14.3. Third Party Agreements; Subordination.

      The Plan Distributions to the various classes of Claims hereunder shall not affect the right of any Person to levy, garnish, attach, or employ any other legal process with respect to such Plan Distributions by reason of any claimed subordination rights or otherwise. All of such rights and any agreements relating thereto shall remain in full force and effect. Plan Distributions under the Plan shall be subject to and modified by any Final Order directing distributions other than as provided in the Plan.
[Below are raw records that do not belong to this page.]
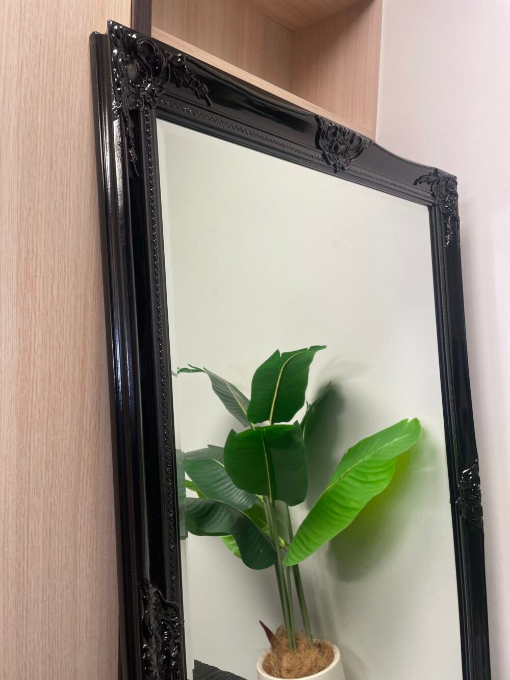 This large mirror gives any wall extra pop and helps reflect and enhance your room’s lighting. With black floral accents and a bevelled frame, this mirror is perfect for bedrooms, living rooms, bathrooms and more!
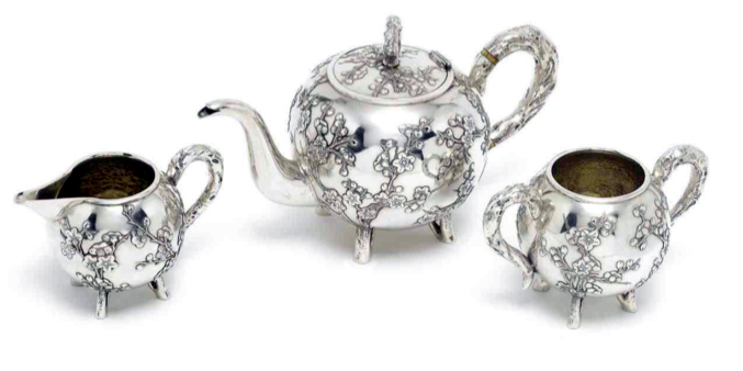 So in the space of just under a century, we discover the two faces of Sun Shing; the master Georgian silversmith on old Canton and the master Chinese silversmith of late the 19th century burgeoning Canton. While it was always the case that the owners of the retail silversmiths governed the house-style of the silver produced under their makers’ marks, the capability to produce both the style and the quality had to be an inherent part of the manufacturing equation. Sun Shing silver was a constant of high quality, no matter the style, as we see from this tea set in the high Chinese style circa 1880. While it is definitely Chinese, it still somehow retains a classic and refined quality to it.
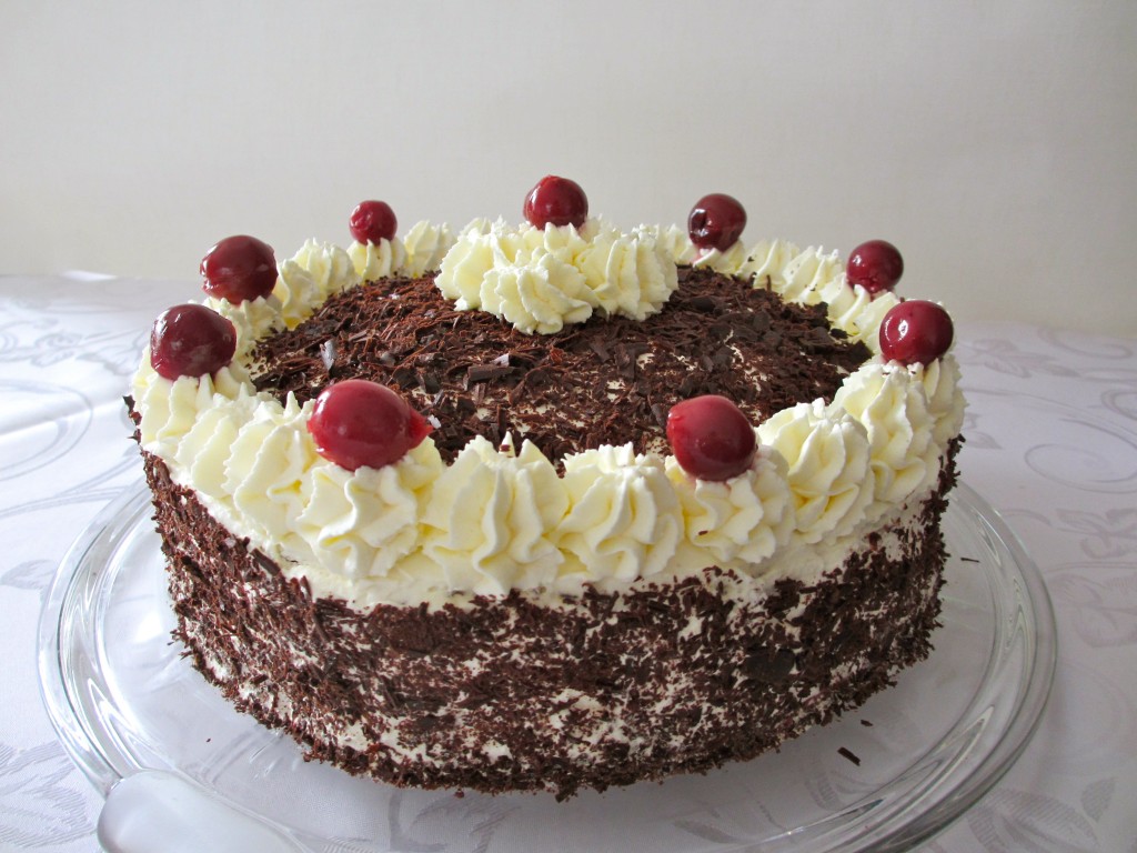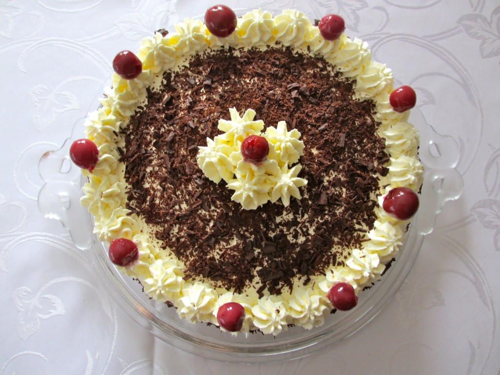 - A l’aide d’une poche à douille, réaliser quelques fleurs en chantilly et y disposer quelques cerises.
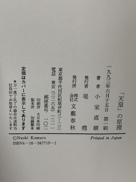 天皇の原理 文藝春秋 小室 直樹
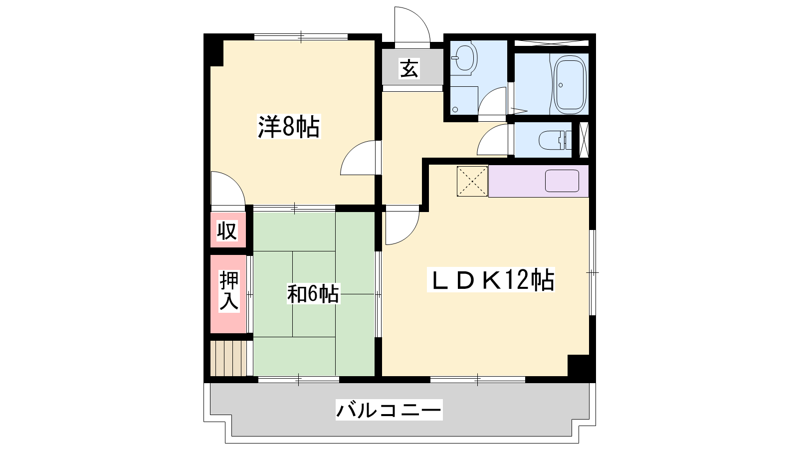 - LDK12帖、洋室8帖、和室6帖
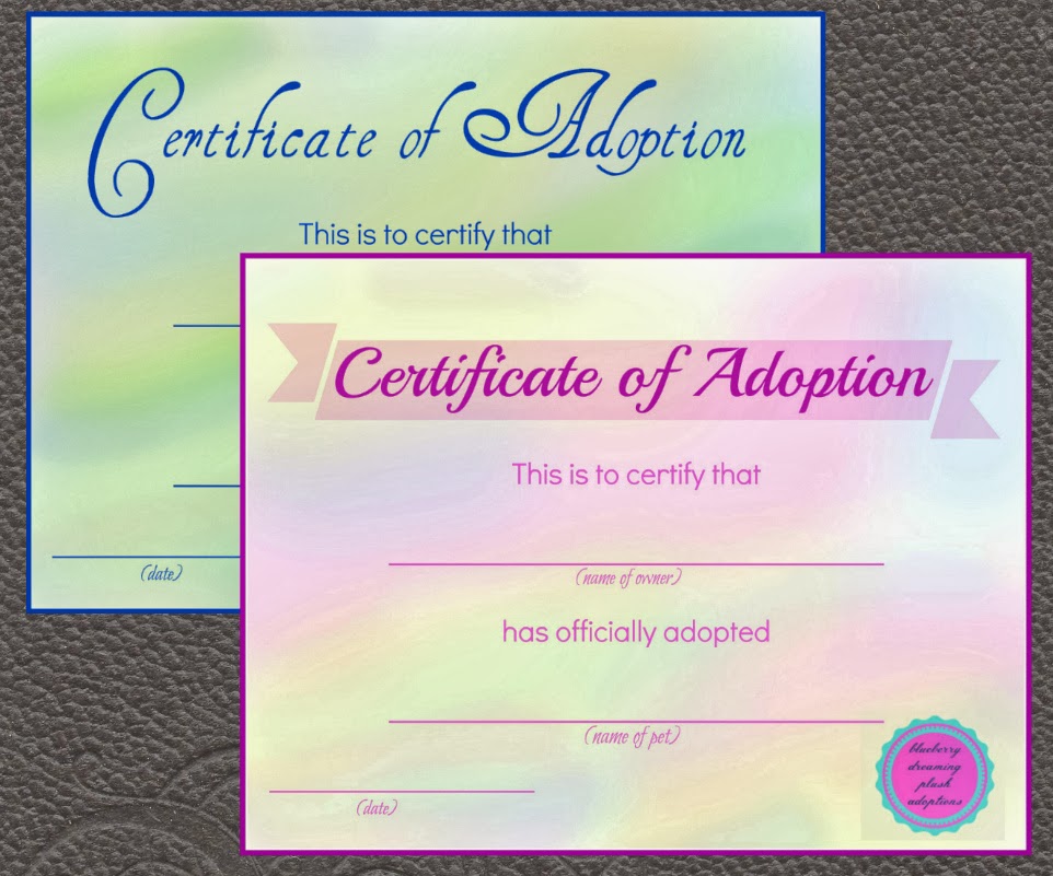 Blueberry Dreaming: Printable Stuffed Animal Adoption Certificates
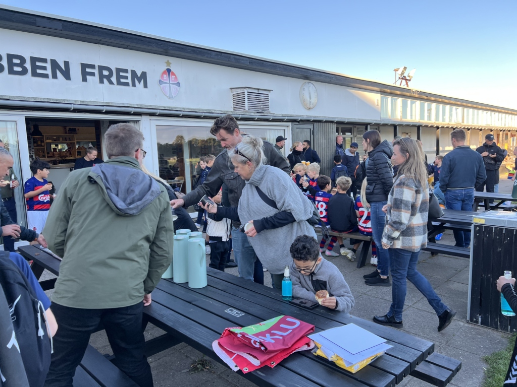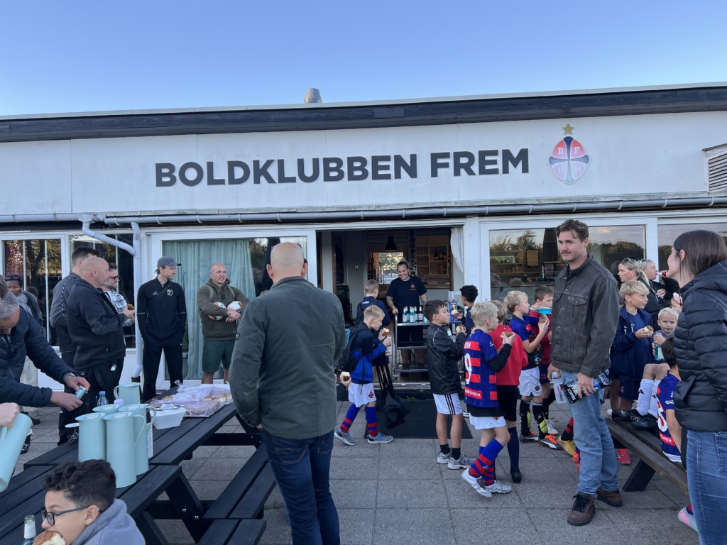 Børnene blev budt på en rød/blå Frem-vand og et stykke kage fra Café Frem, mens der var en kop kaffe at lune sig på for de voksne, alt imens at vores officielle DBU Børneklubsflag røg til tops i flagstangen til tonerne af børnenes “BK Frem” tilråb.
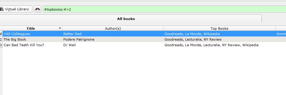I suggest you leave the content descriptors in the tags/Tags column, and create new custom column for the popularity descriptors I'll call it topbooks/TopBooks, you would define it like this: Then enter values into the Top Books column such as this: Then you can do queries such as this: And the queries can be used to create Virtual Libraries ![]() BR Last edited by BetterRed; 05-04-2015 at 05:11 AM. |
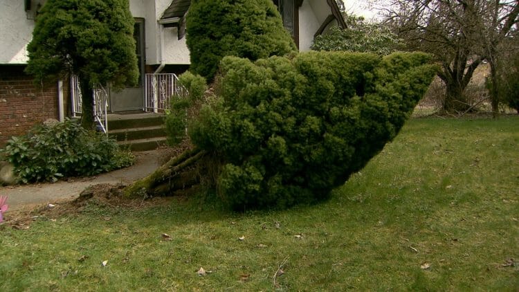 Признаки неприятностей видны уже снаружи, где валяются шины, мусор, стоит сломанная лестница, а «гвоздь программы» — вывернутое с корнем дерево.
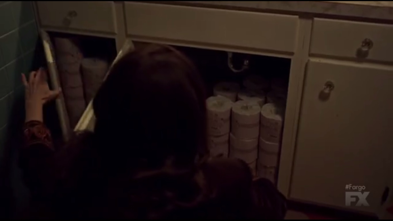 Peggy arrives at home. Constance decides to pop by the bathroom. As she washes her hands, though, she’s unable to find any paper towels. When she checks the cabinet, she finds rolls and rolls of toilet paper. What, does Peggy need that toilet paper?

The right of the Debtors to seek subordination of any Claim pursuant to section 510 of the Bankruptcy Code is fully reserved, and the treatment afforded any Claim that becomes a Subordinated Claim at any time shall be modified to reflect such subordination.

 
14.4. Exculpation.

      None of the Debtors, or any of their respective, members, officers, directors, employees, agents, representatives, advisors, attorneys, successors and assigns shall be liable for any Cause of Action arising in connection with or out of the administration of the Chapter 11 Cases, pursuit of confirmation of the Plan, the consummation of the Plan, or the administration of the Plan or the property to be distributed under the Plan, except for gross negligence or willful misconduct as determined by Final Order of the Bankruptcy Court, and in all respects shall be entitled to rely upon the advice of counsel and all information provided by other exculpated persons herein without any duty to investigate the veracity or accuracy of such information with respect to their duties and responsibilities under the Plan.

PLAN-28


 

 
14.5. Discharge of Liabilities.

      Except as otherwise provided in the Plan, all holders of Claims and Equity Interests shall be precluded from asserting against the Debtors, the Assets, or any property dealt with under the Plan, any further or other Claim based upon any act or omission, transaction, or other activity of any kind or nature that occurred prior to the Confirmation Date.

 
14.6. Notices.

      Any notices, requests, and demands required or permitted to be provided under the Plan, in order to be effective, shall be in writing (including, without express or implied limitation, by facsimile transmission), and, unless otherwise expressly provided herein, shall be deemed to have been duly given or made when actually delivered or, in the case of notice by facsimile transmission, when received and telephonically confirmed, addressed as follows:

  Mirant Corporation
Attention: General Counsel
1155 Perimeter Center West
Suite 100
Atlanta, Georgia 30338
Telephone: (678) 579-5000
Telecopier: (678) 579-6767

and
 
  White & Case LLP
Attention: Gerard Uzzi
Wachovia Financial Center
200 South Biscayne Boulevard, 49th Floor
Miami, Florida 33131
Telephone: (305) 317-2700
Telecopier: (305) 358-5744

 
14.7. Headings.

      The headings used in the Plan are inserted for convenience only, and neither constitute a portion of the Plan nor in any manner affect the construction of the provisions of the Plan.

 
14.8. Governing Law.

      Unless a rule of law or procedure is supplied by federal law (including the Bankruptcy Code and the Bankruptcy Rules), the laws of the State of New York, without giving effect to the conflicts of laws principles thereof, shall govern the construction of the Plan and any agreements, documents, and instruments executed in connection with the Plan, except as otherwise expressly provided in such instruments, agreements or documents.

 
14.9. Expedited Determination.

      The Disbursing Agent is hereby authorized to file a request for expedited determination under section 505(b) of the Bankruptcy Code for all tax returns filed with respect to the Debtors.

 
14.10. Exemption from Transfer Taxes.

      Pursuant to section 1146(c) of the Bankruptcy Code, the issuance, transfer, or exchange of notes or equity securities under the Plan, the creation of any mortgage, deed of trust, lien, pledge or other security interest, the making or assignment of any lease or sublease, or the making or delivery of any deed or other instrument of transfer under, in furtherance of, or in connection with the Plan, shall not be subject to any stamp, real estate transfer, mortgage recording, or other similar tax.

PLAN-29


 

 
14.11. Retiree Benefits.

      Pursuant to section 1129(a)(13), on and after the Effective Date, the Debtors shall continue payment of all retiree benefits, if any, as that term is defined in section 1114 of the Bankruptcy Code.

 
14.12. Notice of Entry of Confirmation Order and Relevant Dates.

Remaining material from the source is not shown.